«Когда мы видим природу, то понимаем, что внутри нас происходит какая-то трансформация»
Чем важны рассолы для энергетики будущего, как айкидо позволяет найти отдушину в буднях и что отличает современных школьников, в интервью для проекта Indicator.Ru и Координационного совета по делам молодежи в научной и образовательной сферах Совета при Президенте Российской Федерации по науке и образованию «Я в науке» рассказал заместитель директора по научной работе Института земной коры СО РАН Александр Кононов.
— Александр, расскажите, где вы работаете, какая у вас специальность?
— Я гидрогеолог, заместитель директора по научной работе Института земной коры Сибирского отделения РАН. Исследую криоартезианские бассейны — структуры, включающие в себя горные породы, подземные воды, чья верхняя часть проморожена, — в северной части Сибирской платформы, крупной мегаструктуры, расположенной на территории от Байкала до моря Лаптевых. Эти бассейны содержат в себе стратегические запасы лития и многих других компонентов. Запасы огромны, они могут стать важнейшим источником сырья. В то же время это очень большая территория, вмещающая мерзлые породы, и в связи с этим в области наших интересов находятся вопросы климатических изменений и реакции на них мерзлоты.

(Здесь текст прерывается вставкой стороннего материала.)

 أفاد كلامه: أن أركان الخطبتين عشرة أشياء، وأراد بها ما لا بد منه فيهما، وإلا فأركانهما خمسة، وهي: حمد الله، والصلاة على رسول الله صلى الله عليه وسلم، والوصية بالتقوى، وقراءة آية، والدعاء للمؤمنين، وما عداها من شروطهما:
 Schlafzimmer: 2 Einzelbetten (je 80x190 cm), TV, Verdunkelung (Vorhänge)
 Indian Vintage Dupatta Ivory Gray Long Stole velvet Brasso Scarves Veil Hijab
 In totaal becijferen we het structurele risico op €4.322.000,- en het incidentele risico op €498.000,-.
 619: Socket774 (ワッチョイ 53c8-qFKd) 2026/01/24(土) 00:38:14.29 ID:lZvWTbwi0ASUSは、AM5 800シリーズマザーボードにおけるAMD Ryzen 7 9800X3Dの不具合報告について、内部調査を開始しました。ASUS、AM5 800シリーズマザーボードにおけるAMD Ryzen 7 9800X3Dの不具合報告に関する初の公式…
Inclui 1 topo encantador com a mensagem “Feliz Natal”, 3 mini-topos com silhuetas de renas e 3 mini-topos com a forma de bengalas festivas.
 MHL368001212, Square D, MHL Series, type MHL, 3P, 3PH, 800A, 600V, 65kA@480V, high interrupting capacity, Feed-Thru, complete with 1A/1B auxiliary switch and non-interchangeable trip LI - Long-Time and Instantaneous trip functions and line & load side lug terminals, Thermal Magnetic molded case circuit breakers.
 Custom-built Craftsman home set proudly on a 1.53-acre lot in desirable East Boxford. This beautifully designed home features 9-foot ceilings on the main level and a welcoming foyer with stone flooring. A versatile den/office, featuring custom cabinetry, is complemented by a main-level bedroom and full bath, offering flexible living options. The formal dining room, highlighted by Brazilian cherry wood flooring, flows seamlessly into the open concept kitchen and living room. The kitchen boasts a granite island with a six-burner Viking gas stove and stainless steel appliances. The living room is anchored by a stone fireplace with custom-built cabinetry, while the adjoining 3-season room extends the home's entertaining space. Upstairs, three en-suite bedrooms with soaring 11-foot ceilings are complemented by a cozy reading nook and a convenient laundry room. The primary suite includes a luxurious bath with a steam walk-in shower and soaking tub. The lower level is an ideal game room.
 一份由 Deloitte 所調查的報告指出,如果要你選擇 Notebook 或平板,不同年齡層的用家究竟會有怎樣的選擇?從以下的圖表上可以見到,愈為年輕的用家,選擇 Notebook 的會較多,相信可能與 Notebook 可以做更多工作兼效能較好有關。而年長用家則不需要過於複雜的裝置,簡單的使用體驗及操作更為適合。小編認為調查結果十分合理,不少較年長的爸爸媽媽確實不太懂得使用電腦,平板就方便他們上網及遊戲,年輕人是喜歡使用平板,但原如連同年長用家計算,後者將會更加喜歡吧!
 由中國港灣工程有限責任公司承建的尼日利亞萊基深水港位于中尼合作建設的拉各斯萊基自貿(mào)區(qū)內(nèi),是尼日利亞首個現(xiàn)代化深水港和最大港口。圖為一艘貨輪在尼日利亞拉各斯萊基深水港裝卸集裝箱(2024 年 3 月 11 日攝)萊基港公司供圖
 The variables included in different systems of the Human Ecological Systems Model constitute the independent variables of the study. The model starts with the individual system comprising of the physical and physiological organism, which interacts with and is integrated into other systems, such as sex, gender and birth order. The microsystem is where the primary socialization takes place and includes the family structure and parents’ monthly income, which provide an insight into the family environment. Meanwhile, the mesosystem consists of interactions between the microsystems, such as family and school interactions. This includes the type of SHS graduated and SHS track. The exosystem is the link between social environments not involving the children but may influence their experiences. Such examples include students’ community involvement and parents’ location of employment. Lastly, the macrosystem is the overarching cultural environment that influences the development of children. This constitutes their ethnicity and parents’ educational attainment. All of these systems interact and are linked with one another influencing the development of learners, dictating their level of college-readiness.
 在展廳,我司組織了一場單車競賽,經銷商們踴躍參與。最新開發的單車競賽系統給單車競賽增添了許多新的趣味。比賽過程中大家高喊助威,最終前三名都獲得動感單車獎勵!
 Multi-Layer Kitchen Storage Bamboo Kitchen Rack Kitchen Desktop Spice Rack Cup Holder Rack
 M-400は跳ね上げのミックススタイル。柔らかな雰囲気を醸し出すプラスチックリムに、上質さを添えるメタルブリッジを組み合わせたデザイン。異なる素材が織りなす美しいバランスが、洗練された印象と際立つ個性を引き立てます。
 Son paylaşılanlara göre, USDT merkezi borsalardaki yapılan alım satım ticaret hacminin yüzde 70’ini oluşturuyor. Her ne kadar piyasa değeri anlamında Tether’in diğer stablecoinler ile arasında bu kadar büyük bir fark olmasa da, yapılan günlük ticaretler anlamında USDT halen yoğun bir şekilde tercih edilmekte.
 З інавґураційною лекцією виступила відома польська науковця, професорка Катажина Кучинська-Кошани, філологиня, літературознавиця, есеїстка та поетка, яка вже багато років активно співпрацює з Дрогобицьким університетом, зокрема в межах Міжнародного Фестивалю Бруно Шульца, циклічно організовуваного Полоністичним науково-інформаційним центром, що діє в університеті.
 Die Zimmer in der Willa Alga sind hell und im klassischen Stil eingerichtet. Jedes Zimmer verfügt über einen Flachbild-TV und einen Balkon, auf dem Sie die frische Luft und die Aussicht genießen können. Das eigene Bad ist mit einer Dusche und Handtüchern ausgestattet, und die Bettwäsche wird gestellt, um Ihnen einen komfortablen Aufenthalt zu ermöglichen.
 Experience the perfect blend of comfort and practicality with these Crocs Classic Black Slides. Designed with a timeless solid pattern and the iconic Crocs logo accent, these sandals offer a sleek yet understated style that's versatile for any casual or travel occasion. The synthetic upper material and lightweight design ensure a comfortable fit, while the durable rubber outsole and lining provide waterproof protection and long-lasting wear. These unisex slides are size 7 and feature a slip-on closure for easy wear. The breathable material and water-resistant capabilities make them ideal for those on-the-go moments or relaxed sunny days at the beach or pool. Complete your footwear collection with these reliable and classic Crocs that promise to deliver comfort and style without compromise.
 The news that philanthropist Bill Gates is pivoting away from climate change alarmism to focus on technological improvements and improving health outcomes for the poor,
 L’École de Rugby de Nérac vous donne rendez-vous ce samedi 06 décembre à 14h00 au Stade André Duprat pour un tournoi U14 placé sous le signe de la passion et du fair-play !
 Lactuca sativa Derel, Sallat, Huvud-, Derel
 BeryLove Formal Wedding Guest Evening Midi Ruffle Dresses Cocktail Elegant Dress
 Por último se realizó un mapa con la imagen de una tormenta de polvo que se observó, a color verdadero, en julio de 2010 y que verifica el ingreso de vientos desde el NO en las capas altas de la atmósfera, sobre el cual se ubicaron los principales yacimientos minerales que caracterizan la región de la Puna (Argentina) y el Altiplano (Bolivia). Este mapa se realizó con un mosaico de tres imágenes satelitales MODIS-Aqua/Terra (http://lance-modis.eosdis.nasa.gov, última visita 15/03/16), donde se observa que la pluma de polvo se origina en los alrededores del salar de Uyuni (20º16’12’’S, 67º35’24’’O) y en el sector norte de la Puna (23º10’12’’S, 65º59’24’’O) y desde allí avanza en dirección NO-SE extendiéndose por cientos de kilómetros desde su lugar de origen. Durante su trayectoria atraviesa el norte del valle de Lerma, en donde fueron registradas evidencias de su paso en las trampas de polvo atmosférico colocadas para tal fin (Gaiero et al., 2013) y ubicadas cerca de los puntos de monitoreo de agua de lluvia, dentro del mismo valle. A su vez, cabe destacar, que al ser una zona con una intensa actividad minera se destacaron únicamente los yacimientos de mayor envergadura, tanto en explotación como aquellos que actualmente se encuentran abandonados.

— Есть ли у вас глобальная научная цель?
— Одна из таких целей — понять, как палеоклиматические изменения (то есть изменения климата прошлого) могут быть использованы для построения моделей климатических изменений будущего.
— Расскажите поподробнее о ваших исследованиях простыми словами. Как ваша работа может влиять на жизнь людей, косвенно или прямо?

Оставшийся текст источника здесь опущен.